**WHAT YOU ARE ASKED TO DO**
Reproduce exactly the lines of this material that begin at the line with "Una mañana de" and end at the line with "Den udendørs LED-væglampe", both included. Omit the pictures and everything else.

**PROVIDED ENTRIES**
■ ■ ■

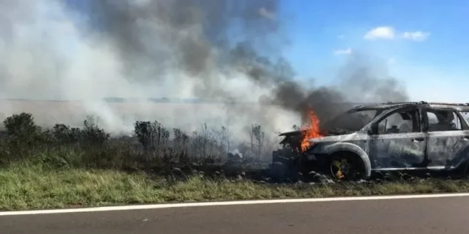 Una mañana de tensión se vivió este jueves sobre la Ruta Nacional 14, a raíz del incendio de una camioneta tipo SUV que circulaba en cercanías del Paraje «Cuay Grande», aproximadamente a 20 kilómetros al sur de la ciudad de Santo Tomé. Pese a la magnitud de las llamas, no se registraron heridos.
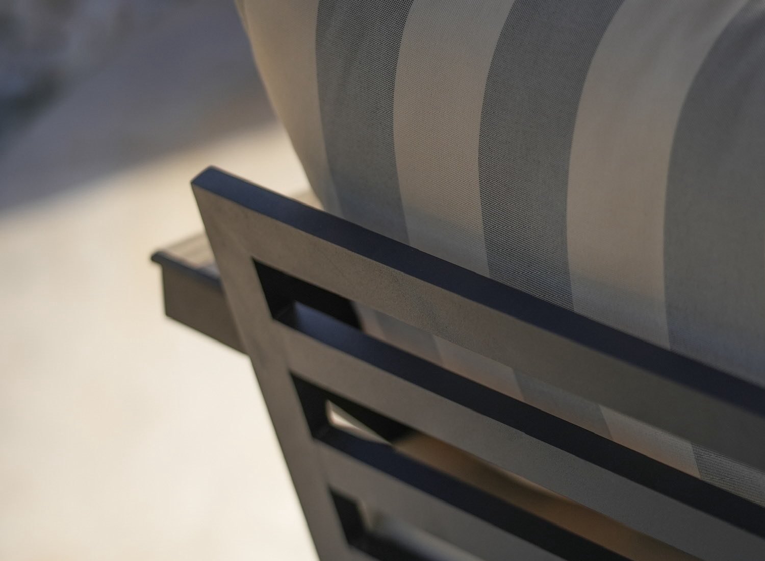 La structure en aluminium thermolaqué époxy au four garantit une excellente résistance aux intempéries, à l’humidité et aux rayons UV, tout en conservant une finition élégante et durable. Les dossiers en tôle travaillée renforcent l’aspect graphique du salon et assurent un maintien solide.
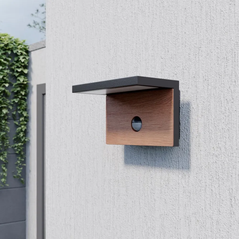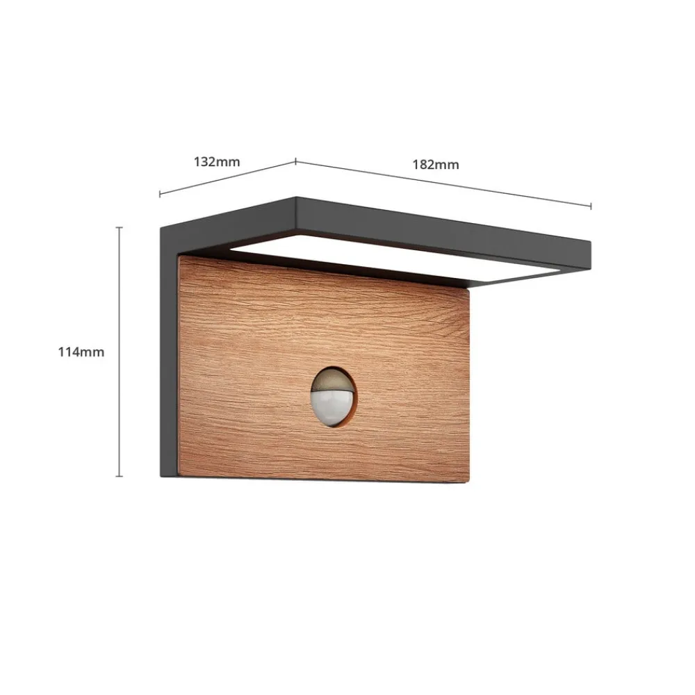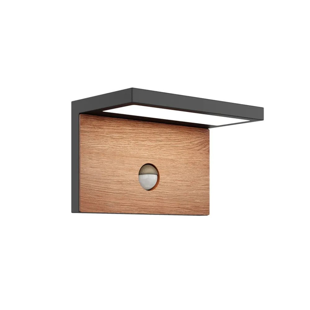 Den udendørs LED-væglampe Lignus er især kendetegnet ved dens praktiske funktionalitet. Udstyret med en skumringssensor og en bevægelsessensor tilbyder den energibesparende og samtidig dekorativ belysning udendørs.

■ ■ ■

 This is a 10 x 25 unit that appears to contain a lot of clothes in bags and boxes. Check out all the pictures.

■ ■ ■

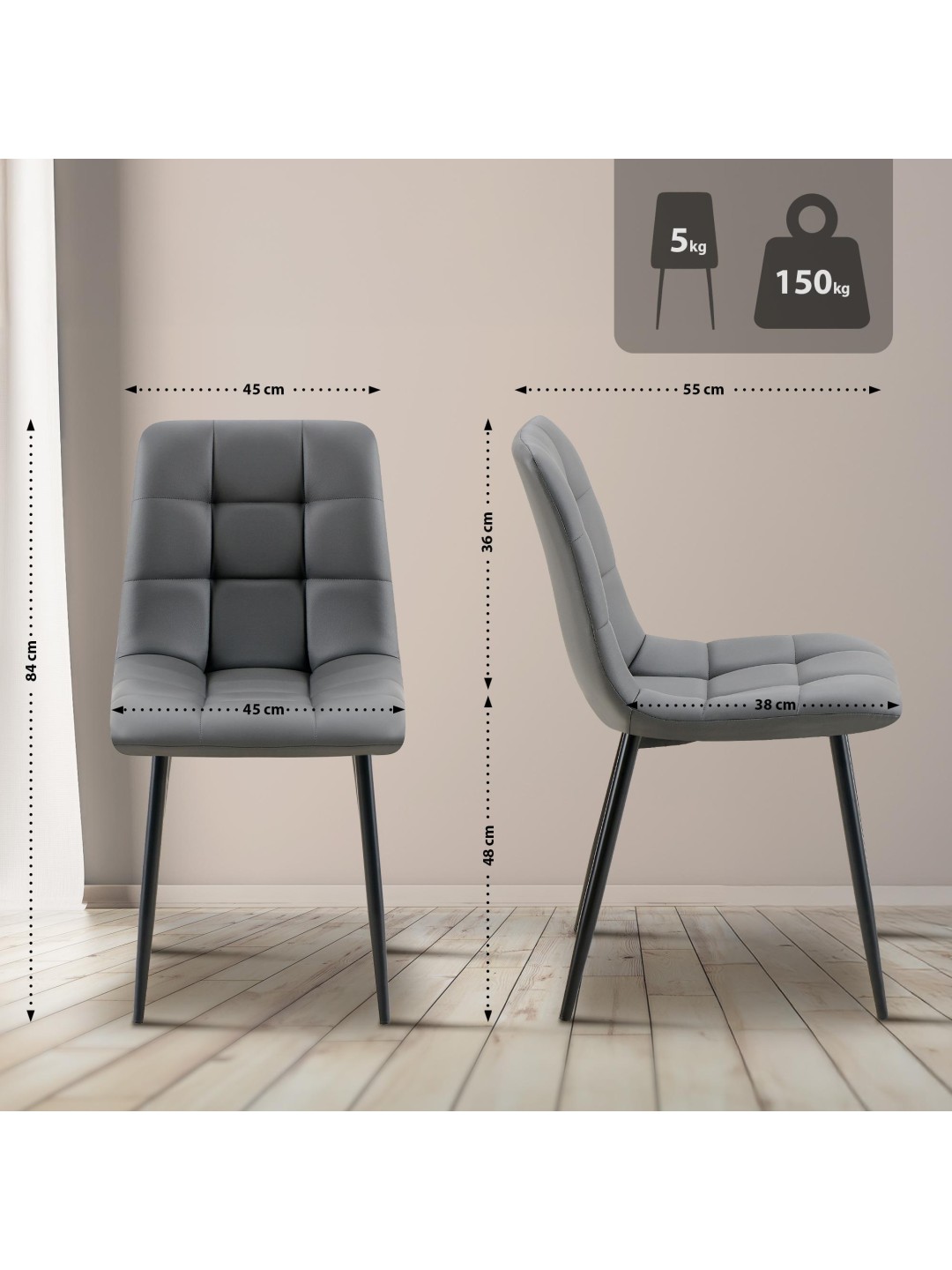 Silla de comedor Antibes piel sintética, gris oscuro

■ ■ ■

**EXERCISE RESPONSE**
 Una mañana de tensión se vivió este jueves sobre la Ruta Nacional 14, a raíz del incendio de una camioneta tipo SUV que circulaba en cercanías del Paraje «Cuay Grande», aproximadamente a 20 kilómetros al sur de la ciudad de Santo Tomé. Pese a la magnitud de las llamas, no se registraron heridos.
 La structure en aluminium thermolaqué époxy au four garantit une excellente résistance aux intempéries, à l’humidité et aux rayons UV, tout en conservant une finition élégante et durable. Les dossiers en tôle travaillée renforcent l’aspect graphique du salon et assurent un maintien solide.
 Den udendørs LED-væglampe Lignus er især kendetegnet ved dens praktiske funktionalitet. Udstyret med en skumringssensor og en bevægelsessensor tilbyder den energibesparende og samtidig dekorativ belysning udendørs.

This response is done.